Mice? My well-placed spitball would handle mice. We are talking bigger game here.

“Is the bigger one our Three O’Clock Louie?” I hear chubby Spuds Lonnigan inquire in a slightly breathless wheeze.

He is a fine one to mistake me for my older, fatter father! That is like the potbellied stove calling the cattle black. Or some such phrase.

I hear a sharp squeal from within the wall and see that Louise has pinned a long, hairless tail with her fanned front shivs.

“Rats,” my brilliant Miss Temple points out. “We will have to fumigate. No way Gangsters can run a restaurant down here until the entire rat population is completely eradicated.”

Murderous little thing, is she not?

That’s my roomie!

I lay a big mitt over Louise’s dainty one and pull back with one powerful jerk, revealing the entire rat. Case closed.

Before I can do a karate chop to the neck, the rat’s racing claws kick something big and dusty out of its hole right into our faces.

We sneeze in tandem, our claws relaxing in one uncontrollable reflex moment.

Rats! Exhibit A is history. We step back, boxing our nostrils and vibrissae free of some pretty well-aged dirt and sand.

My Miss Temple approaches on her hind claws, aka spike heels, and bends to pick up the trash. Humans, even the best of them, are hard to figure sometimes.

It is obvious that Louise and I deserve to be picked up and made much of for our valiant effort to seek, find, and agitate vermin. Not that we would accept such namby-pamby fondling even when well deserved.

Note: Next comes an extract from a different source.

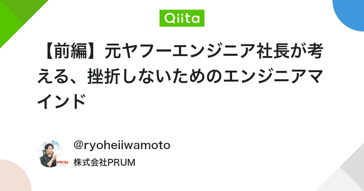 【前編】元ヤフーエンジニア社長が考える、挫折しないためのエンジニアマインド – Qiita
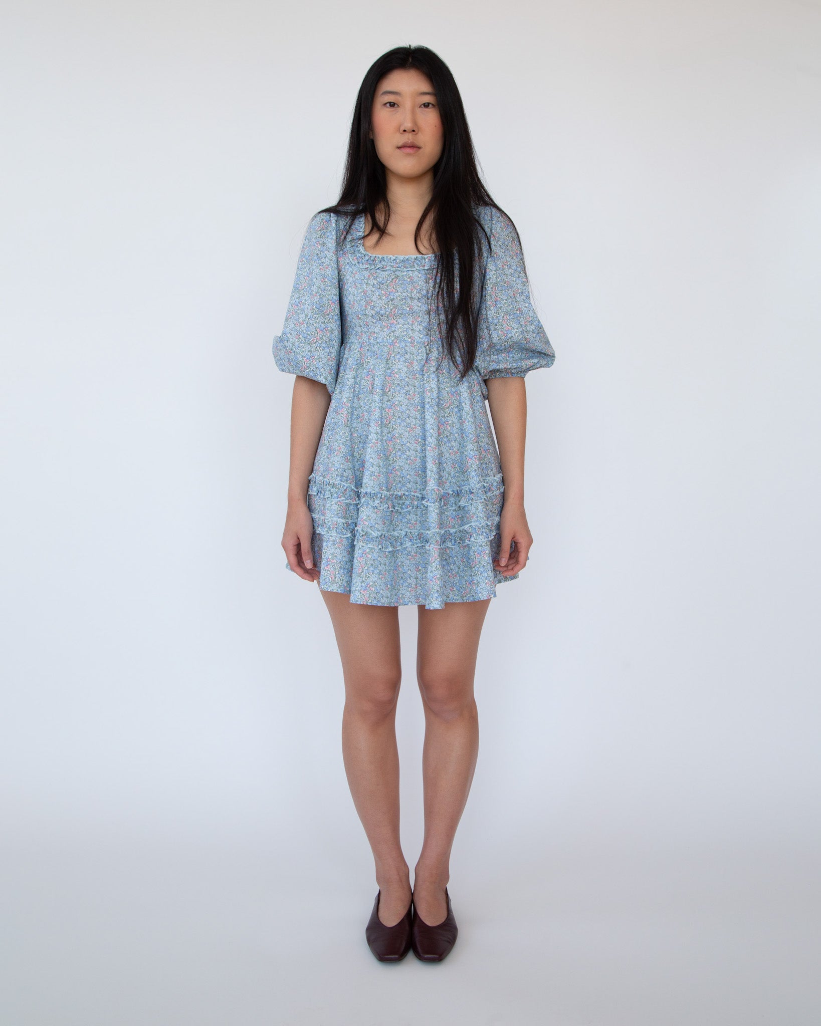 Introducing the Félicité Dress, a soft and feminine ditsy floral mini dress with 3/4 sleeves and delicate ruffle details. Effortlessly elevate your style with the back invisible zipper and look feminine in this charming piece. Perfect for any occasion.

We are professionals. Just buy us a steak and salmon dinner and call it quits.

Miss Temple unfolds the wad of paper.

“This looks like … a stock certificate.”

“Yeah?” Nicky asks. “That’s worth about a penny these days.”

Miss Van von Rhine stretches out a hand. “Let me see.”

The light is dim, but long, tall Pitchblende O’Hara steps up and produces a tiny high-intensity flashlight.